## What is being asked
An exact transcription of all the data is required, with every image removed.

## Source material
=== Begin Enclosure ===

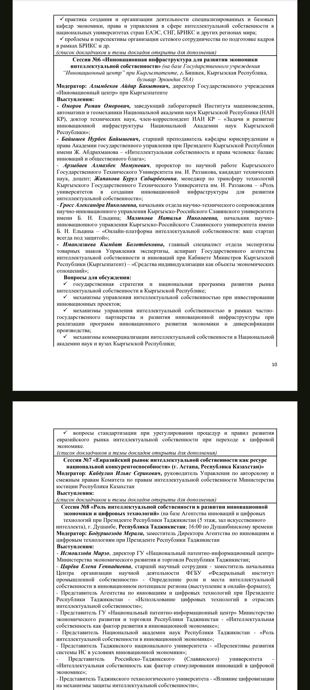 - обобщение опыта формирования рынка интеллектуальной собственности и обеспечения технологического суверенитета в рамках инновационного развития и перехода к цифровой экономике в мире, странах ЕАЭС, СНГ, ШОС и БРИКС в 2024 г.;
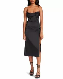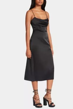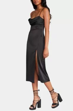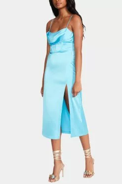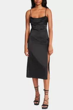 An excellent pick for dinner dates and evening parties, this beautiful midi slip dress features corset detailing, cowl neckline, and deep skirt slit.
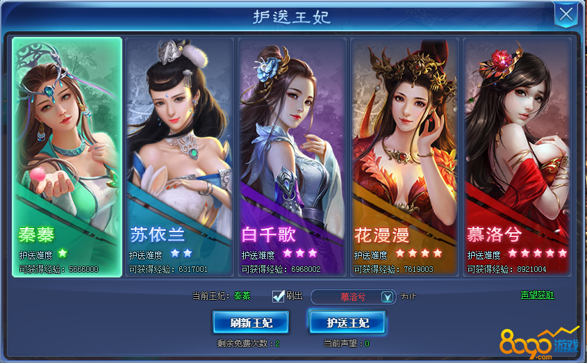 1. 王妃品质由低到高分为绿、蓝、紫、橙、红五种,品质越高,奖励经验越多。

=== End Enclosure ===

## Result of this exercise
 - обобщение опыта формирования рынка интеллектуальной собственности и обеспечения технологического суверенитета в рамках инновационного развития и перехода к цифровой экономике в мире, странах ЕАЭС, СНГ, ШОС и БРИКС в 2024 г.;
 An excellent pick for dinner dates and evening parties, this beautiful midi slip dress features corset detailing, cowl neckline, and deep skirt slit.
 1. 王妃品质由低到高分为绿、蓝、紫、橙、红五种,品质越高,奖励经验越多。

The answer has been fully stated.